Pek çok soru var: Bu alanda bir Tübitak enstitüsü gerekli mi? Adı yapay zekâ mı olmalı, yoksa yapay zekânın da modası geçecek mi? Bu enstitü üniversitelerde, değişik laboratuvarları destekleyecek şemsiye bir enstitü olamaz mı? Ancak, enstitü kurulmuş; ve şimdi nasıl işleyeceğini, ülkemizdeki araştırma ekosistemini nasıl geliştireceğini ve ne yapılırsa ülkemizin yapay zekâ teknolojilerini başarıyla geliştirip ekonomik değere dönüştürebileceğini konuşmak gerek. 14-15 masa, yaklaşık 150 kişi, değişik sorulara cevap aradık: Enstitü, yapay zekâ ekosistemi ile nasıl etkileşime girer? Nasıl işbirliği yapar? YZ teknolojilerinin önündeki yasal, sosyal engeller nelerdir? Araştırmacı kaynağı nasıl geliştirilebilir?

Yapay zekâ Amerika ve Çin’in ekonomisine ciddi bir katkı sağlıyor. Biz de yapalım demeden, ayrılan kaynakları karşılaştırmak gerekiyor. Telekomünikasyon teknolojilerine büyük katkılar yapan AT&T Bell Labs’in New Jersey Holmdel’deki merkezinde, doktoramı yaptığım 90’lı yılların başında 2000 doktoralı eleman çalışırdı. Bugün, diyelim ki 200-300 doktoralı araştırmacı ile bir yapay zekâ araştırma merkezi kurabilirsiniz. Bu kişilerin bilgisayar mühendisliği ve bilimleri, matematik, fizik, elektrik-elektronik mühendisliği gibi dallardan, yapay zekâ ile ilgili alanlarda doktora yapmış kişiler olması gerekir.


Ülkemizde yapay zekâ uzmanlığı olan doktoralı kişilerin sayısı, herhalde toplam 500 olabilir! Bir doktora öğrencisi üniversiteden mezun olduktan sonra 6-7 senede yetişiyor; yetişenler de yurtdışında çok cazip şartlarla iş buluyor. 20 senede 10 doktora öğrencim mezun olmuş; yarısı yurtdışında çalışıyor; yarısı Türkiye’de. Ancak yeni mezunların daha çoğu yurtdışına gitmeyi hedefliyor. Demek ki hem bu alanda doktoralı sayımızı artıracağız; hem de çalışma koşullarını ve yaşam kalitesini artıracağız ki mezunlar burada yaşamak, çalışmak istesin.

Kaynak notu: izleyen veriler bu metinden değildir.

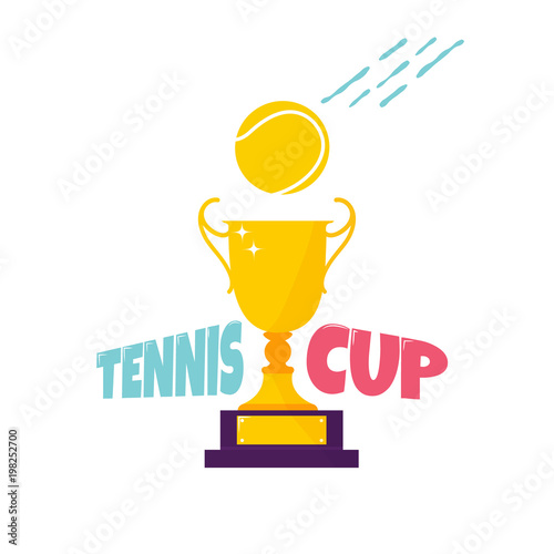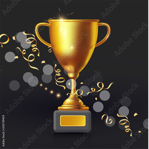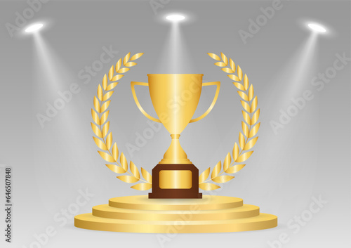 Be a winner poster web banner template. Vector illustration of golden cup standing on white round podium. Competition winner trophy award, championship victory reward.

Yapay zekâ teknolojisi geliştirmek için araştırma yapmanın ilk adımı, bir araştırmacı kritik kütlesi oluşturmak olmalı. Bunun için, zaten bu alanda çalışan 10 ila 20 üniversite tespit edilip, onlara doktora öğrencisi yetiştirmek, onları en iyi konferanslara, yurtdışı yapay zekâ araştırma merkezlerine göndermek için destek verilebilir. Doktora öğrencilerinin tam zamanlı öğrenci olması, tüm zamanlarını araştırmaya vermeleri için, yaşam koşulları ile uyumlu burslar verilebilir. Akademik grupların öne çıkan önerileri böyleydi.

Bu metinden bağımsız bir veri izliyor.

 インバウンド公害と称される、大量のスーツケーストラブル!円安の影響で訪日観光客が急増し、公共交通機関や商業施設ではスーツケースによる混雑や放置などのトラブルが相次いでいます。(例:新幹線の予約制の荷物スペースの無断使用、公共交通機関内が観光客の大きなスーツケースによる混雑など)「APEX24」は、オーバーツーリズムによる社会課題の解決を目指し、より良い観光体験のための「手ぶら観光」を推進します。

Yapay zekânın başarısının gerisinde araştırmacı insan gücü varsa da, bu teknolojinin hayata geçmesinde, hesaplama gücünün etkisi büyük. Yapay zekada son atılımları sağlayan derin öğrenme modellerini, kuvvetli masaüstü bilgisayarlarda eğitmek, aylar sürüyor. Uluslararası bilimsel platformlarda başarılı olabilmek için çok kuvvetli, çok sayıda çekirdekli/grafik işlemcili bilgisayarlar lazım. Çin, 1990’lardan başlayarak süperbilgisayar kapasitesini artırdı ve şu anda dünyadaki süperbilgisayarların yüzde otuzuna sahip. En büyük bilgisayarının on milyon çekirdeği var! Tübitak’a bağlı TRUBA sunucu altyapısı, Türkiye’de araştırmacıların kullandığı önemli bir altyapı ve mütevazı kaynaklarla yapay zekâ alanında çalışanlara hizmet veriyor. Yukarıda bahsettiğim on milyon çekirdekli sunucularla karşılaştırmak gerekirse, yüz binlerce çekirdeği olduğu söylenebilir. Ülkemizde yapay zekâ alanının gelişmesi için, bu altyapının çok güçlendirilmesi ve kaynaklarının yapay zekâ alanına öncelikli olarak tahsis edilmesi gerekir.

Gebze’deki Türkiye Sanayi Sevk ve İdare Enstitüsü TÜSSİDE kampüsünü, binalarını, bahçelerini çok beğendim. Belki bir sonraki yazımda da onu anlatırım. Bundan sonra HBT dergisinde düzenli olarak yazacağım; görüşmek üzere.

Lale Akarun


*Bu yazı HBT'nin 207. sayısında yayınlanmıştır.